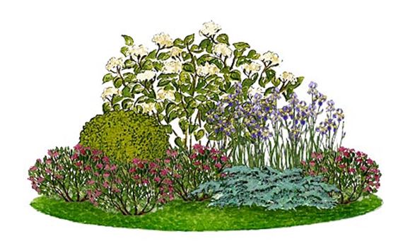 Praktisk anbefaling. Ikke la deg rive med av variasjon. Ofte ser fasjonable nyheter av kompakte busker naturlig ut i komposisjoner plantet i grupper på flere eksemplarer. For en liten hage (opptil 10 mål) anbefales det å gruppere avlinger av samme type i flekker med et areal på 0,5-1,5 m².
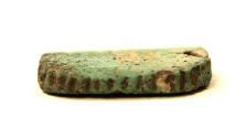 DescriptionLight blue-green, or turquoise glaze, scalloped edge, a writing tablet.On View
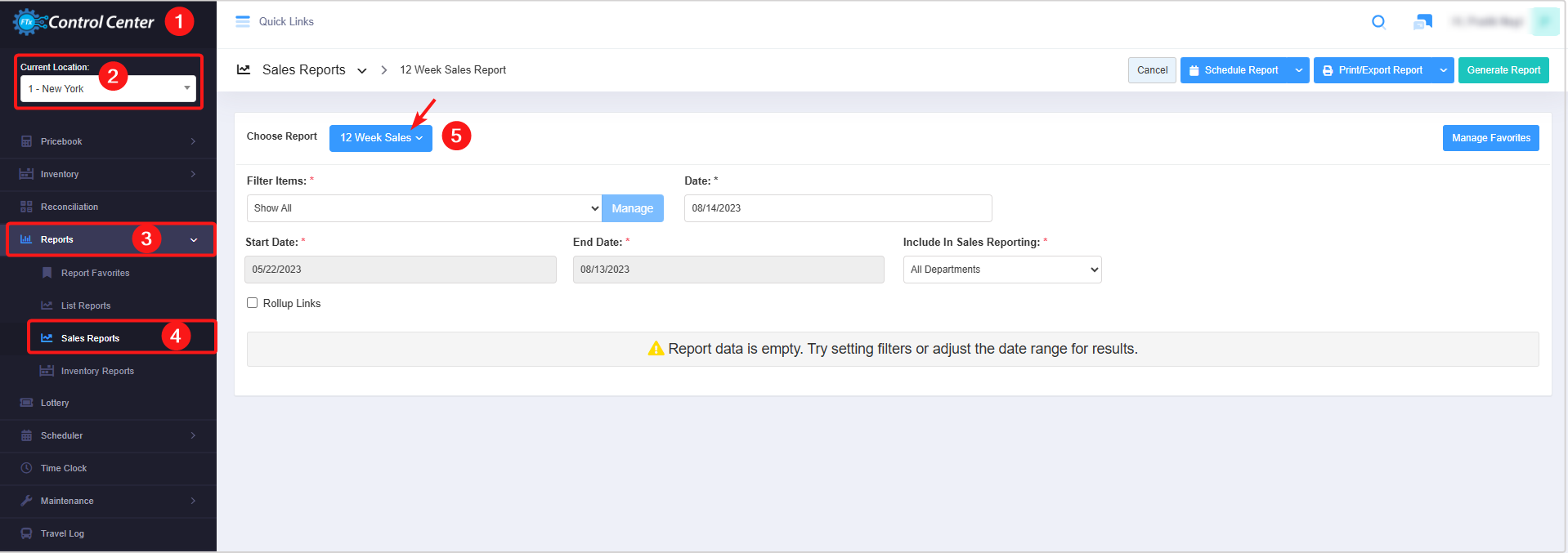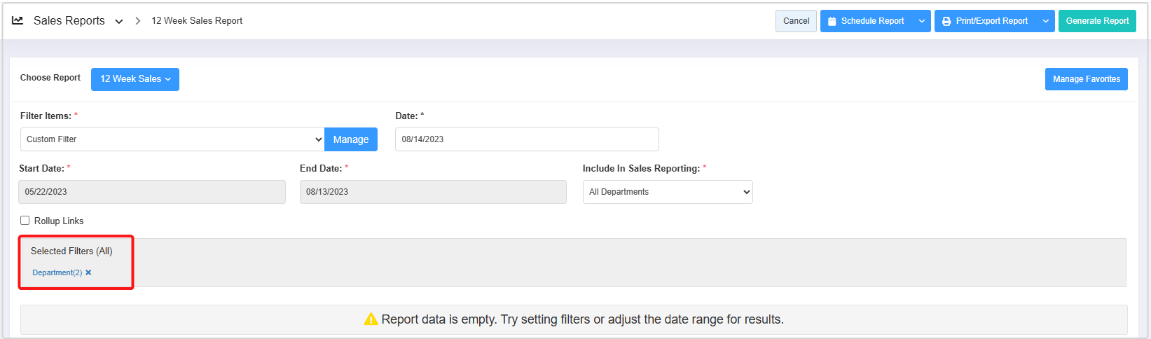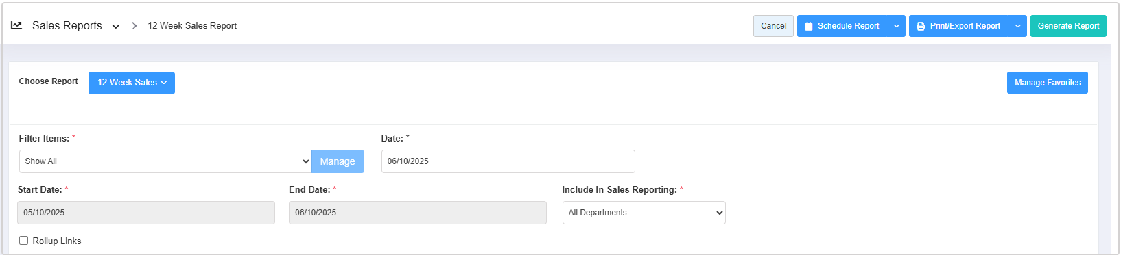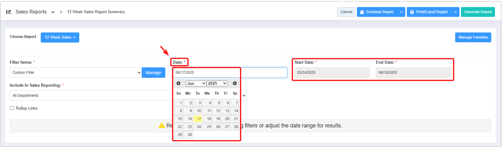 - Select the date range and click "Generate Report" to view the 12 Week Sales Report for that date range. When you select a date in the Date field, the system considers the last full 12 weeks from that date and automatically populates the Start Date and End Date fields with the corresponding dates. Section 3.2 Date explains more about
+===+
__Your task__
Would you please set down the data above again exactly, without its pictures?

__Expected answer__
 Praktisk anbefaling. Ikke la deg rive med av variasjon. Ofte ser fasjonable nyheter av kompakte busker naturlig ut i komposisjoner plantet i grupper på flere eksemplarer. For en liten hage (opptil 10 mål) anbefales det å gruppere avlinger av samme type i flekker med et areal på 0,5-1,5 m².
 DescriptionLight blue-green, or turquoise glaze, scalloped edge, a writing tablet.On View
 - Select the date range and click "Generate Report" to view the 12 Week Sales Report for that date range. When you select a date in the Date field, the system considers the last full 12 weeks from that date and automatically populates the Start Date and End Date fields with the corresponding dates. Section 3.2 Date explains more about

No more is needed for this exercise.